The Security Engineer will be part of a team who’s role is to assure enterprise security architecture with a focus on the review and authorship of Architecture Decision Records (ADRs) and Security Architecture Review Board (SARB) submissions. The role blends deep technical acumen with emerging expertise in Generative AI (GenAI) and agentic systems, ensuring secure design, governance, and responsible adoption of intelligent automation within the enterprise.
Key Responsibilities
Review & Advisory
- Lead security reviews of solution and domain architectures, ADRs, and AI-enabled platforms.
- Assess GenAI and agentic solution designs for model security, data protection, prompt integrity, provenance, and safe orchestration of agents.
- Evaluate proposals for alignment with enterprise standards, regulatory expectations, and risk tolerance.
- Produce actionable review comments with traceable recommendations, covering both traditional and AI-driven architectures.
Authoring & Governance
- Author and maintain ADRs, patterns, and reference architectures—including those covering GenAI system integration, LLM usage, and multi-agent frameworks.
- Ensure architectural documentation expresses the problem space, options, controls, and trade-offs clearly and defensibly.
- Promote structured architectural reasoning supported by both human and GenAI-assisted analysis workflows.
GenAI & Agentic Security
- Define and assess controls for GenAI systems, including:
- Model access, data boundary, and prompt injection defenses.
- Guardrails for AI agents performing autonomous actions or multi-step reasoning.
- Secure orchestration, isolation, and human oversight mechanisms.
- Evaluate the security of agent frameworks, LLM pipelines, and model-hosting platforms (e.g., Vertex AI, Azure OpenAI).

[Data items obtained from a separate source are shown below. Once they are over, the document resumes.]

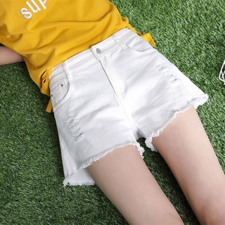 AMOI Quần Short Denim Lưng Cao Ống Rộng Rách Gối Thời Trang Cho Nữ
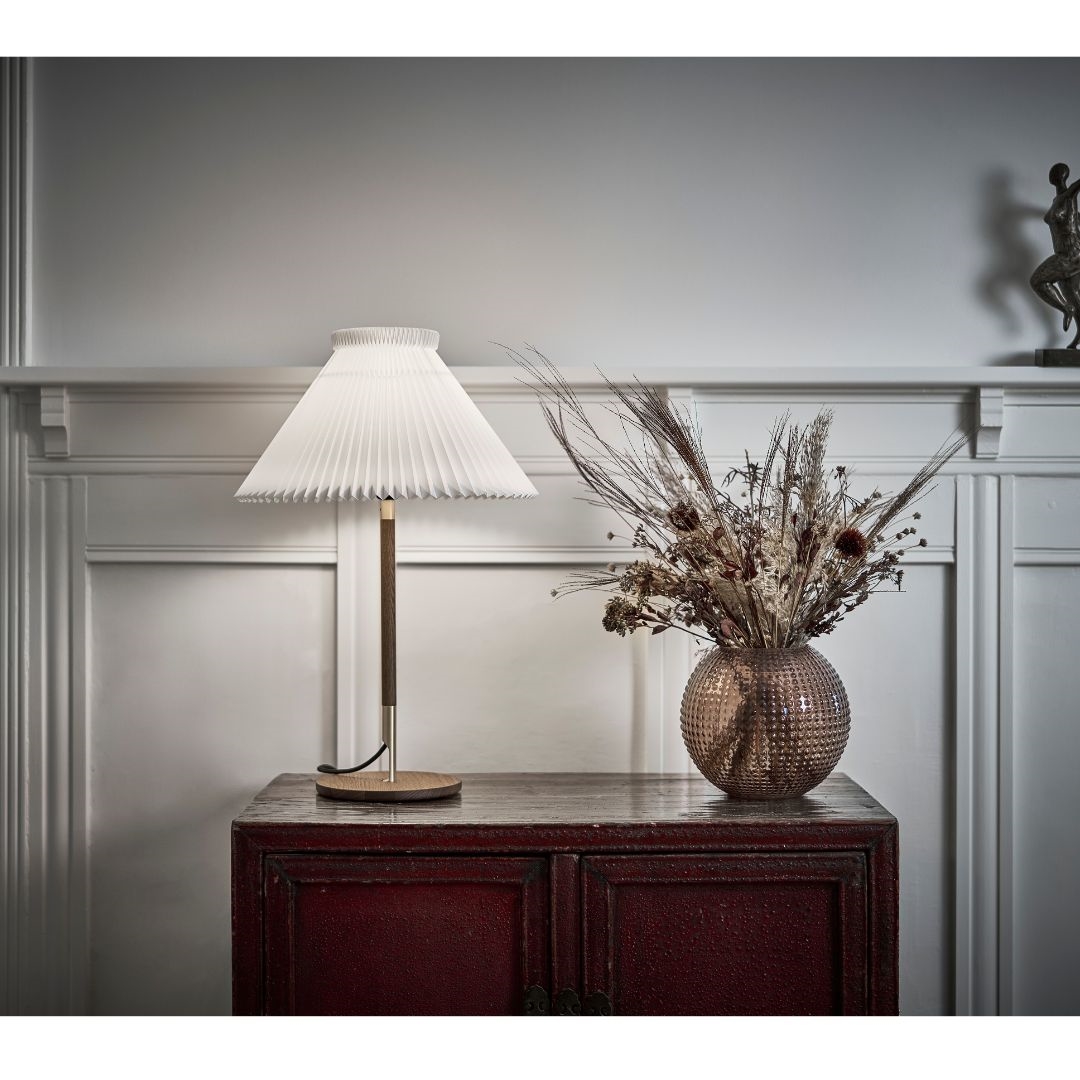 Le Klint Model 328 er en moderne bordlampe med tydelig forankring i klassisk dansk design. Lampen kombinerer naturens varme udtryk med æstetisk præcision: Den elegante lampefod er udført i røget eg, og forbindes med den karakteristiske håndfoldede lampeskærm via en raffineret messingdetalje. Resultatet er en lampe, der udstråler tidløs skønhed med et nutidigt twist.
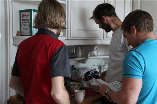 3 mannfolk leser bruksanvisningen. Hva er galt?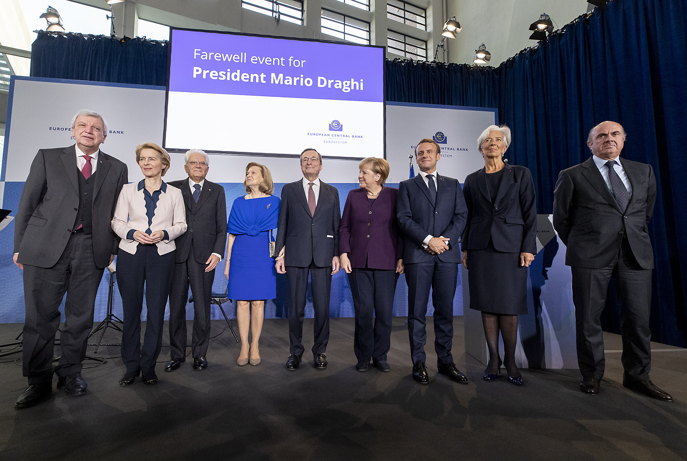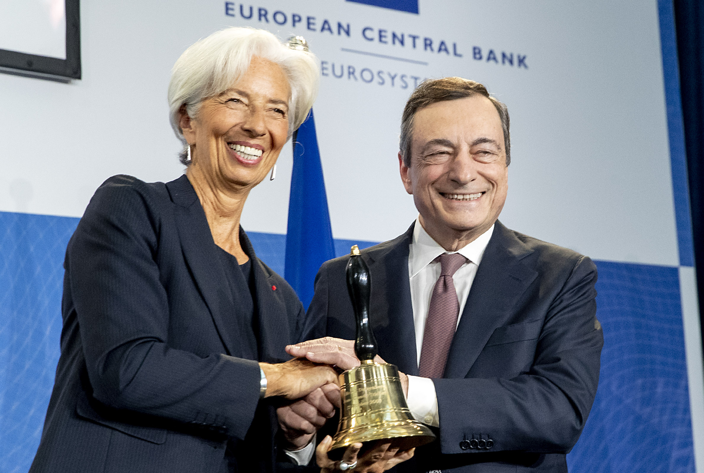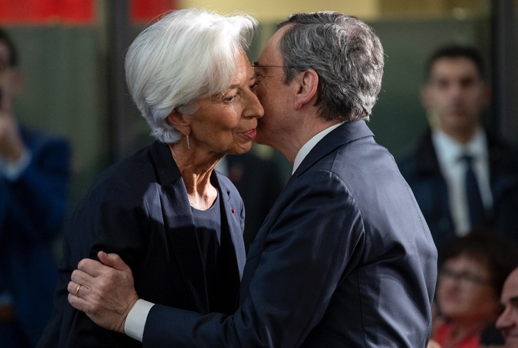 Il Presidente della BCE Mario Draghi con Chrisitne Lagarde, Presidente designata della Banca Centrale Europea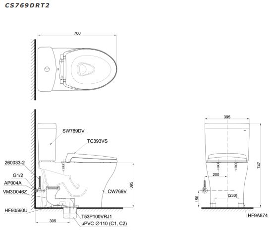 Bàn Cầu TOTO 2 Khối CS769DRT2 Nắp Đóng Êm Bàn Cầu TOTO 2 Khối CS769DRT2 Nắp Đóng Êm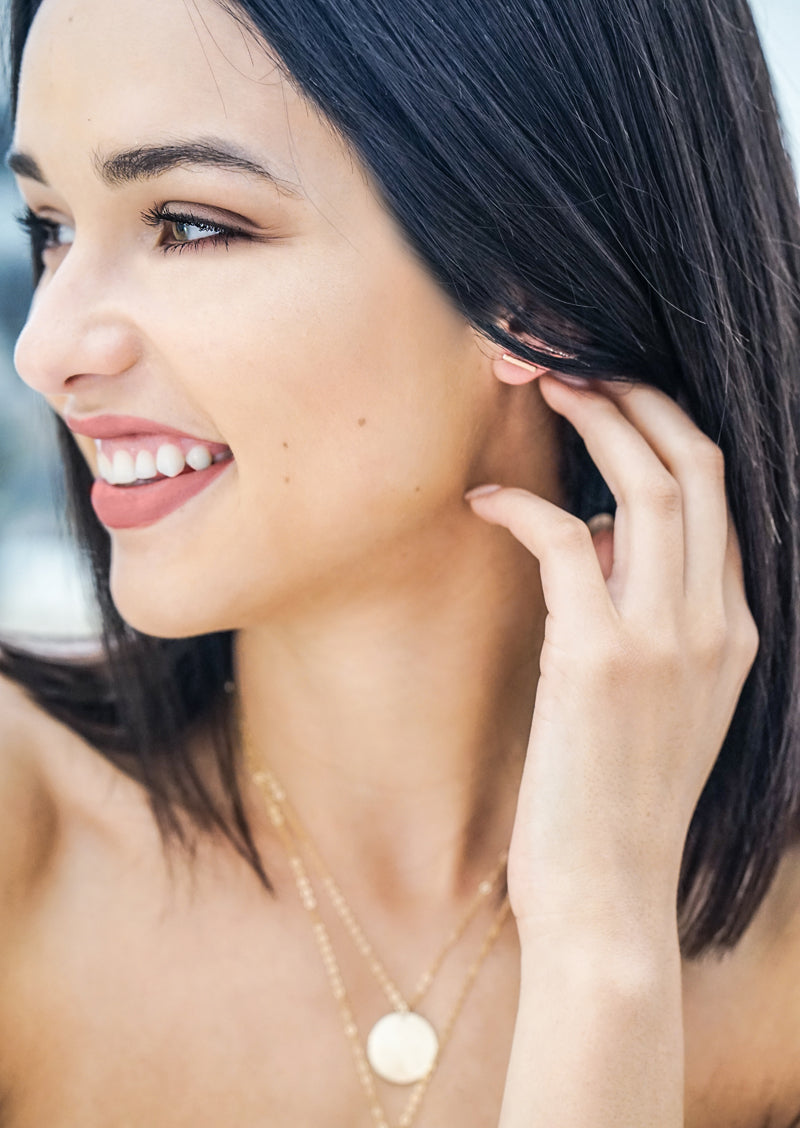 Small medallion necklace on a 16” 14K gold filled chain. 14K gold filled medallion measures 3/4” and has a hammered textured finish.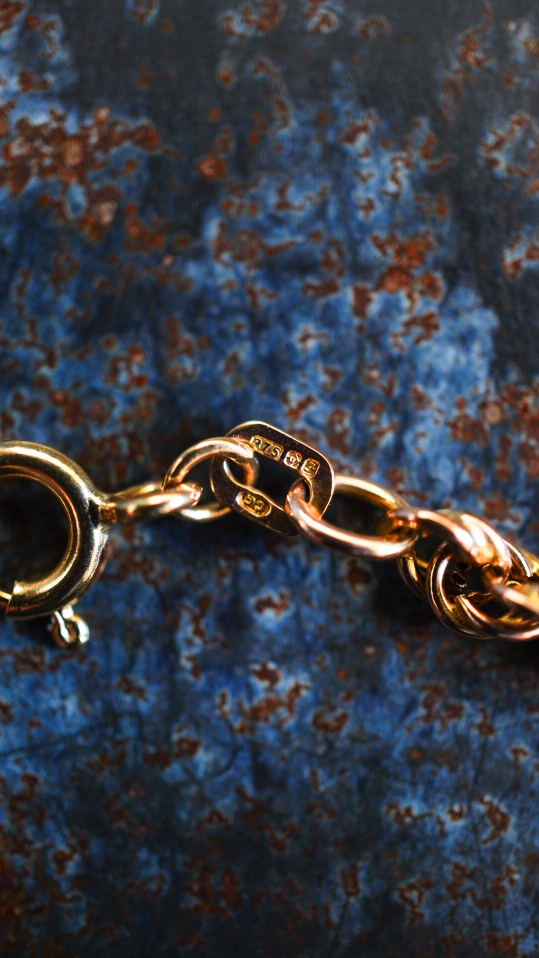 ブレスレットには「375(9ctゴールド)」「ロンドンインポート検室所マーク」等、イギリスの刻印(ホールマーク)が入ります。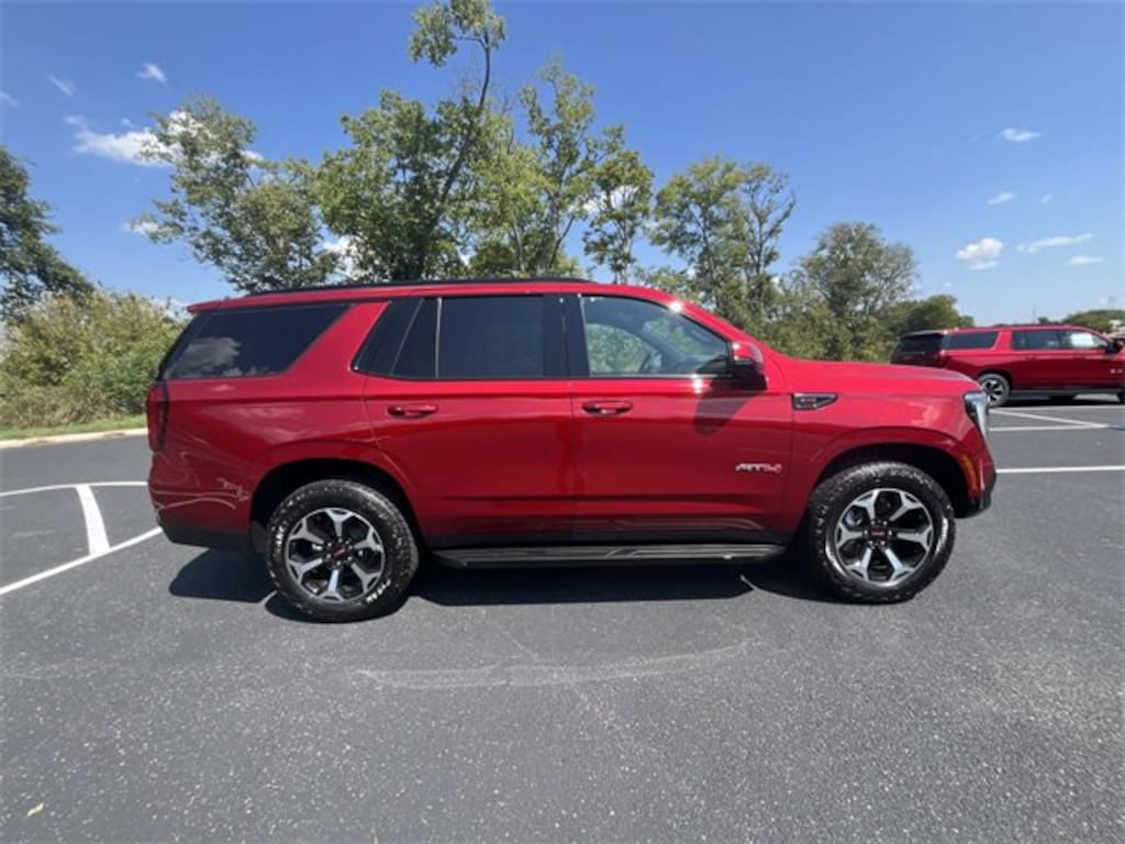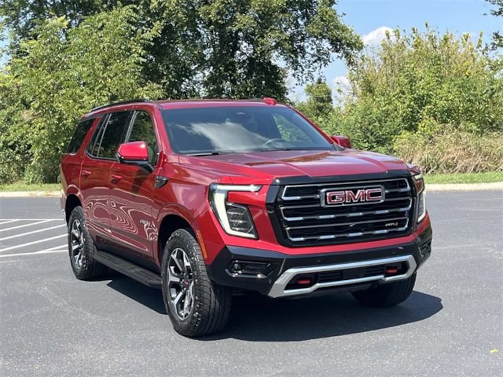 2025 GMC Yukon AT4 4WD, 4-Way Power Driver Lumbar Seat Adjuster, 4-Way Power Front Passenger Lumbar Seat Adjuster, AutoSense Hands-Free Power Liftgate, Black Roof-Mounted Luggage Rack Side Rails, Body-Color Door Handles, Bright Front & Rear Door Sill Plates, Dual Exhaust System, Front High-Approach Angle Fascia, Heavy-Duty Air Filter, Hill Descent Control, Navigation system: GMC Connected Navigation, Perforated Heated & Ventilated Dr & Frt Pass Seats, Power Tilt & Telescopic Steering Column, Preferred Equipment Group 4SB, Red Horizontal-Mounted Recovery Hooks.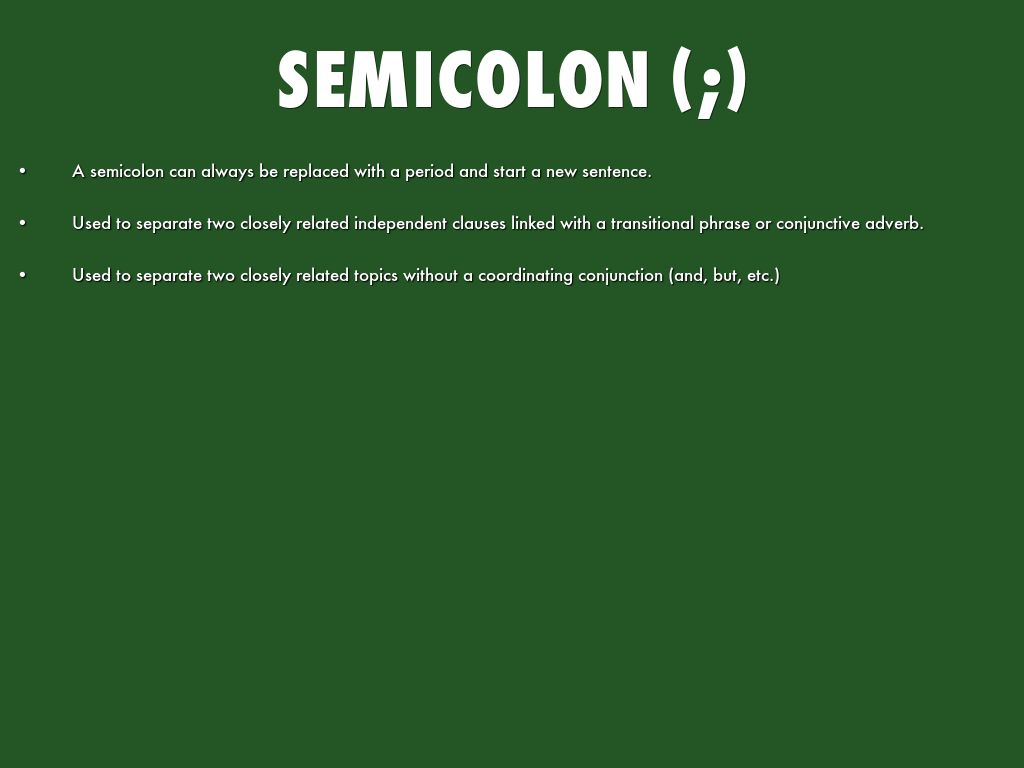 Used to separate two closely related topics without a coordinating conjunction (and, but, etc.)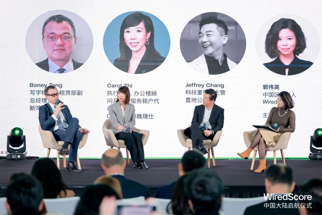 WiredScore中国区负责人郭伟英与新鸿基地产写字楼销售租赁部副总经理Boney Tang、CBRE世邦魏理仕执行董事, 办公楼顾问及交易服务租户代表负责人Carol Zhi及香港置地科技董事及主管Jeffrey Chang共同探讨中国房地产的趋势与技术演进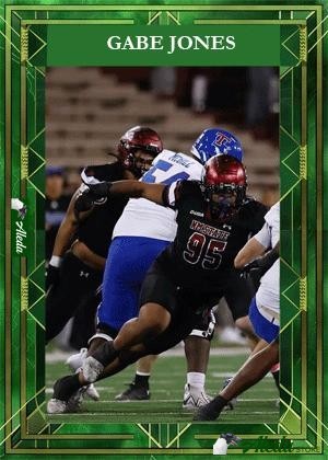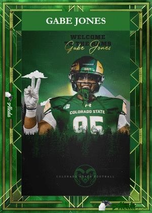 This trading card is comprised of 4 high resolution images of Gabe Jones playing football for New Mexico State University. He has transferred to Colorado State University.  The web view contains low resolution teaser images and a clipped video. .By purchasing the digital trading card, you can access the high resolution images and video, which you may download. By purchasing this card, the athlete will receive compensation directly to help with their student athlete goals through the NIL (Name Image Likeness) program.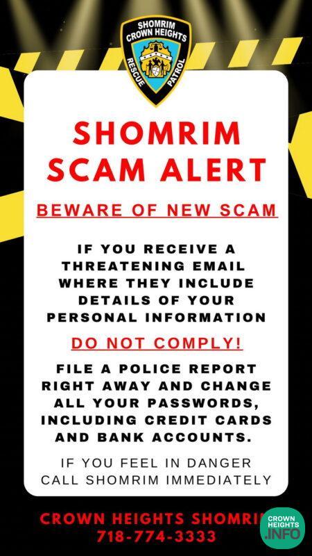 Crown Heights Shomrim has published an alert to the Jewish community after an old scam, with a new spin, has been reported in the community.

- Contribute to enterprise policy for responsible AI use and GenAI-assisted development.
Core Competencies
- Enterprise security architecture (SABSA, TOGAF, NIST CSF).
- GenAI systems architecture, LLM lifecycle, and model governance.
- AI security patterns (threat modeling for LLMs, data leakage prevention, agent control).
- Strong authorship and analytical writing—clear articulation of decisions and consequences.
- Familiarity with tools for architectural diagramming, review automation, and GenAI-assisted design (e.g., LangChain, OpenAI GPT, Guardrails AI).
- Broad experience across cloud, data, application, and API securitydomains.
Qualifications
- Bachelor’s or Master’s in Computer Science, Cybersecurity, or related field.
- 5+ years of experience in security design, including AI-related systems.
- Desirable certifications: CISSP, CCSP, SABSA, TOGAF, or AI-specific credentials (e.g., NIST AI RMF, MIT AI Ethics, Azure AI Engineer).
- Demonstrable experience with secure implementation of GenAI or autonomous agents in enterprise settings.